There is probably enough evidence in this thread to use it as a reference for why typical apps should avoid mmap whenever possible -- it's clear almost nobody fully understands it



> Anonymous mappings are backed by swap and may be overcommitted, it's still possible to catch signals in a wide variety of circumstances

Anonymous mappings won't cause signals, they'll trigger the OOM killer. Remember that malloc() is just a fancy wrapper for mmap() (and sbrk()).


If a process was swapped out and a fault fails to bring a page back due to an IO error, you can at least catch (I think) SIGBUS. But this just reinforces the point: nobody really understands virtual memory, even people like us that think they do


So should we extend your conclusion above to the following?

"There is probably enough evidence in this thread to use it as a reference for why typical apps should avoid virtual memory whenever possible -- it's clear almost nobody fully understands it"

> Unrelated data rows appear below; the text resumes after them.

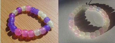자외선 비즈 목걸이 만들기는 오늘 한 실험중에서 가장 간단하고 가장 쉬운 실험이었다. 실험 과정이 간단햇던것에 비해 실험 원리를 통해 광변색 염료에 대해 알게 된것 같아 뿌듯했다. 또 나는 햇빛이 강한 날에만 잘 될줄 알았는데, 막상 학교 과학실에 나와서 목걸이를 보니 갑자기 변해 놀라웠다.
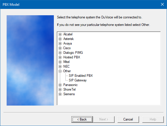 On the PBX Model page, select the PBX integration to use. If your model is not listed, you can just select Other | SIP Enabled PBX for now. The PBX model can be changed later in System Configuration if necessary. Select a PBX and then click Next to continue.
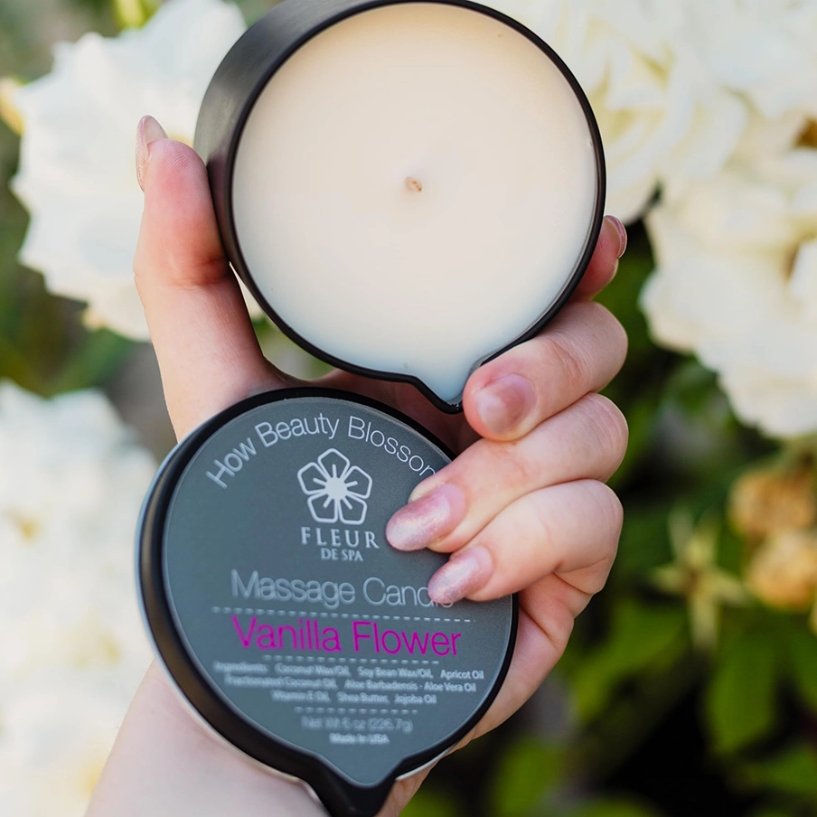 FLEUR DE SPA Massage Oil Candle – 6oz with Pour Spout – Made in USA – All Natural Coconut & Soy Blend – Melts to Warm, Alluring & Hydrating Body Oil – Perfect Spa & Gift Candle (Sweet Dreams)(Vanilla Flower)
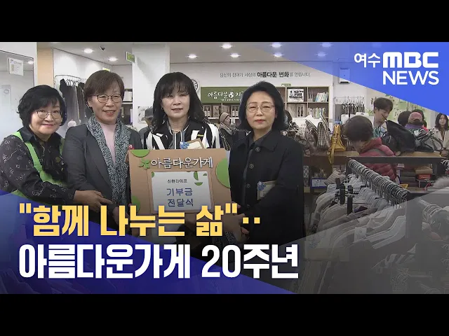◀ 앵 커 ▶기부와 봉사로사람과 자연이 함께 사는 세상을 만들어가는 아름다운가게 순천중앙점이올해 20주년을 맞았습니다.200만 개의 기증 물품으로 발생한 수익금과 기부금이우리 곁, 어려운 이웃을 위해 쓰였습니다.유민호 기자입니다.◀ 리포트 ▶빼곡하게 걸린 옷과다양한 생활 잡화까지.순천 중앙동에 자리한 아름다운가...
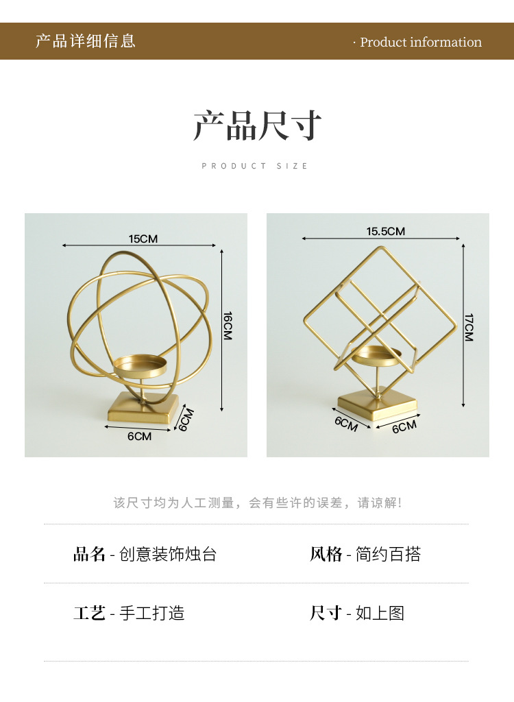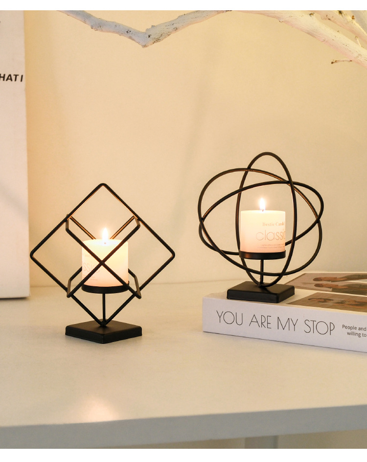北欧创意铁艺烛台摆件餐厅桌面氛围感装饰品餐桌浪漫烛光晚餐道具

I'd suggest that is ludicrous, and for the same reason your original conclusion is also excessive.


It is not constructive to form a sweeping generalization from a statement and then claim the sweeping generalization is ludicrous, implying the original statement is ludicrous. :)

My first comment was in reply to one claiming anonymous memory did not have the same problems as file-backed memory, indicating the parent did not understand they are the same thing. The subsequent reply was to another comment continuing to claim anonymous memory was somehow safer, both instances supporting the notion that most people in this thread don't seem to understand mmap at all.

What we're examining is a powerful (and consequently hazardous) OS feature that often provides only marginal performance improvement, yet introduces many exotic error paths into a program that have their own exotic problems (memory access in thread A can raise SEGV in thread B, async-signal safety), that 7 hours' commenting has not been sufficient to fully capture. This thread is full of upvoted miscomprehension, bad advice (spawn a child to deal with SEGV!?), obviously incorrect solutions (signalfd), and yet still manages to completely omit some critical characteristics of mmap, for example, that faults take a VM-global semaphore -- mmap can easily destroy multithreaded app performance in a way read() is immune to, because nobody expects file IO in one thread to cause malloc() latency in another.

If this isn't evidence for "avoid this feature wherever possible", I really don't know what is.


As if "avoid virtual memory" is substantially more of a "sweeping generalization" than "avoid mmap."

If you apply the same reasoning that you've used to conclude that everyone should avoid mmap, than you are led directly to the conclusion that everyone should avoid virtual memory.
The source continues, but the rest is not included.